This is interesting. Yesterday’s article by Karl Denninger had a different feel from this one in the NY Times, showing how people can read what they want into something rather ambiguous. I think the provision in quesiton is unconstitutional, but that doesn’t mean it the Court will see it that way. Interpretation of the law is so, so subjective. – Ilene
Excerpt:
Judge Vinson wrote Thursday that his initial order “was as clear and unambiguous as it could be” and that the federal government had no right “to basically ignore” it.
He said he had expected the Justice Department, which represents the administration, to immediately seek a stay of his ruling. He said that in order “to save time in this time-is-of-the-essence case,” he would treat the government’s motion to clarify as a request for a stay. And then he granted it.

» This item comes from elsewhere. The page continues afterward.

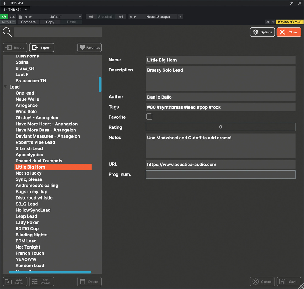 To give some additional context, during testing I made some extensive side‑by‑side comparisons with Arturia’s Jup‑8 V4. The two soft synths occupy the same sonic territory, as you’d hope, but for similar settings the Acustica synth always produced more high‑frequency content. Both emulations include original Jupiter‑8 presets like ‘Negative Pluck’, and when comparing those TH8 still has considerably more presence and sparkle, with a character that is not matched by opening the Jup‑8 filter (or switching to 12dB/oct mode, for 24dB/oct sounds). This is not to say that Jup‑8 V4 is bad. Far from it: it’s also a great‑sounding virtual synth that offers some more possibilities around unison mode than TH8, and has valuable additional modulation sources and effects processors. But TH8 more often made me think ‘Oh I see!’ in a way that was normally reserved for the increasingly rare occasions I’ve met a hardware Jupiter‑8 (or Prophet‑5, or Minimoog...) in a studio. In that respect it deserves some serious kudos as an emulation: it’s probably the finest virtual Jupiter‑8 out there, currently.

In a 20-page order, Judge Vinson wrote that “reasonable and intelligent people (and reasonable and intelligent jurists) can disagree” about the constitutionality of the insurance requirement. The judge ruled that the act of not purchasing insurance is not an activity that can, under Supreme Court precedent, be penalized by Congress. Justice Department lawyers have countered that not buying insurance is an active decision, with significant implications for the health care market, that can therefore be regulated.
Because that legal question has not been addressed directly by the Supreme Court, Judge Vinson acknowledged that the government had some chance of prevailing on appeal, a primary requirement for a stay.